Please note that only the same items on sale from Keyfood and C-Town were compared with the fresh direct regular prices.
--------------------------------------------------------------------------------------------------------------------------------------
- Author: XAVIER CAPDEPON
- Xavier was a student of the Data Science Bootcamp#2 (B002) - Data Science, Data Mining and Machine Learning - from June 1st to August 24th 2015. Teachers: Andrew, Bryan, Jason, Vivian.
- The post is based on his "Web scraping" (Python) project final submission.
--------------------------------------------------------------------------------------------------------------------------------------
A few years ago, I moved further North in Manhattan and ended up living in the heart of Harlem on 145th street. Unlike Upper West Side where I was living with roommates a few years earlier, it quickly appeared to me that all the grocery supermarkets were attracting customers based on hypothetical large discounts that they would advertise with large letters on their front windows or with paper weekly circulars that are distributed inside and outside the stores.
After learning the weekly pattern of the discounts in different stores during the first few months, I had memorized a list of prices - that could vary over time - for my most regular grocery items and tried to optimize my spending by shopping for the lowest price items in up to 5 closest supermarkets in my neighborhood. The process sounded quite rewarding to me in terms of spending but quite energy consuming, time consuming and sometimes frustrating.
For the first Python project, I realized that I could compare more quantitatively the prices in different grocery store using the web scraping tool to download all the available data. This first project gave me several technical and theoretical problems to solve that I will explain in this blog post.
During this grocery shopping experiment, I observed some curious coincidences:
1. The first one was a curious coordination in terms of items on sale between the different supermaket brands and some similarities in term of prices and period of sales.
2. The second coincidence that I noticed two years ago is the fact that some heavily discounted such as the Tropicana Orange Juice in the standard size (59oz) and all the organic milk brands were never on sale at the same time.

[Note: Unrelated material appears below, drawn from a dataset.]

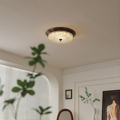 Traditional French Glass Iron Textured Round LED Flush Mount Ceiling Light For Bedroom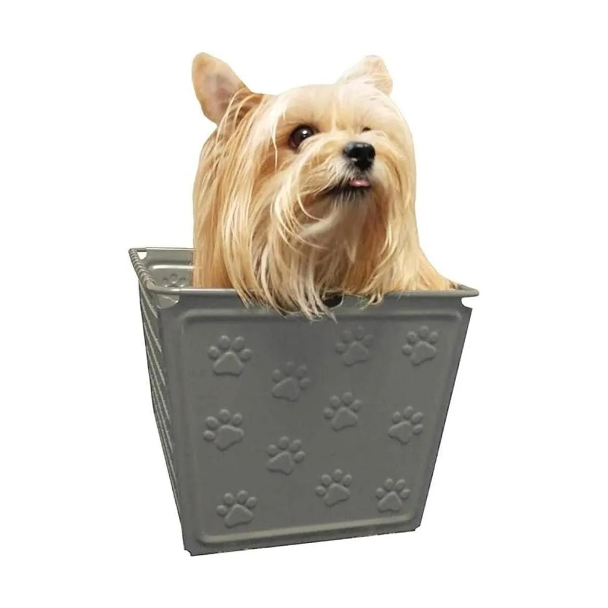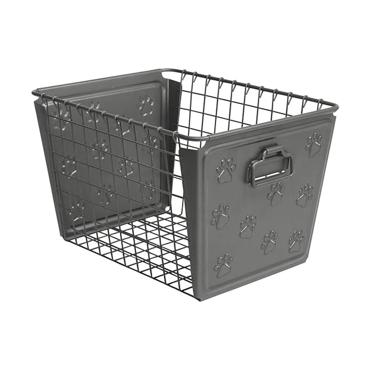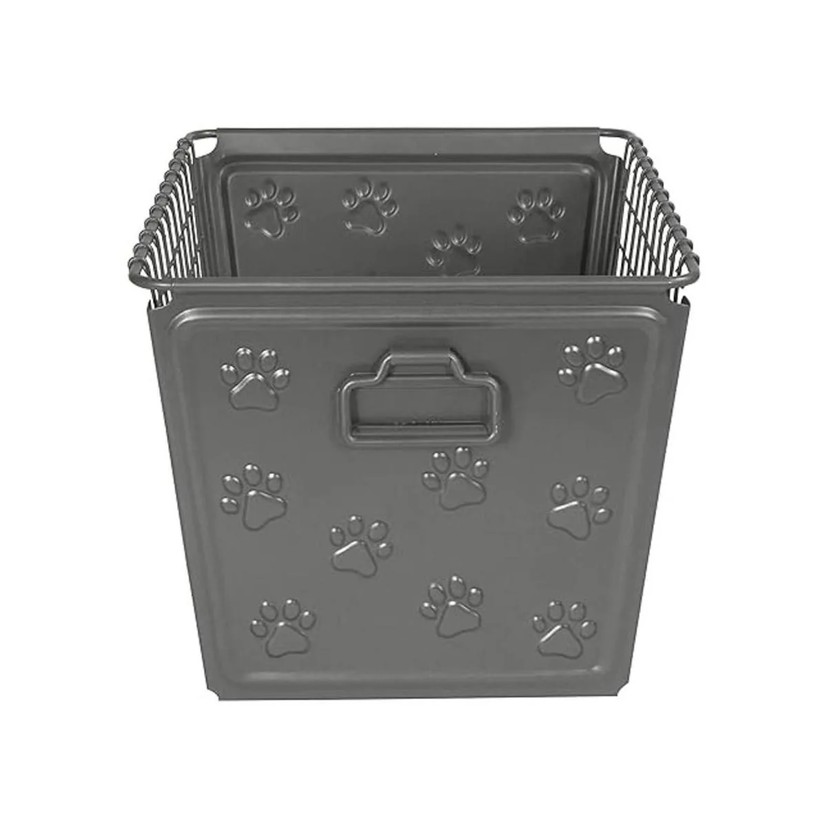 Spectrum Diversified Paws Macklin Basket Cubo de almacenamiento de acero con bonito diseño de huellas dactilares, organizador de accesorios para mascotas con acabado resistente al óxido, organización y almacenamiento de juguetes para gatos y perros, mediano, gris industrial

Prior to coding, I made some research and I realized that most of the large brands such as Fairway Market would not advertise their prices online at all, or, like Associated Supermarket, the weekly circular discount offerings will be published using a basic scanned picture making the web scraping impossible.
Among the possible choices for the supermarket brands, I selected two brands which are independent and competing in North Manhattan, Keyfood and C-Town, and that are known to attract client with weekly discounts:
- C-Town is "a chain of independently owned and operated supermarkets operating in the northeastern United States" (source Wikipedia) which most of the stores are located in New York, NJ, PA, CT and MA.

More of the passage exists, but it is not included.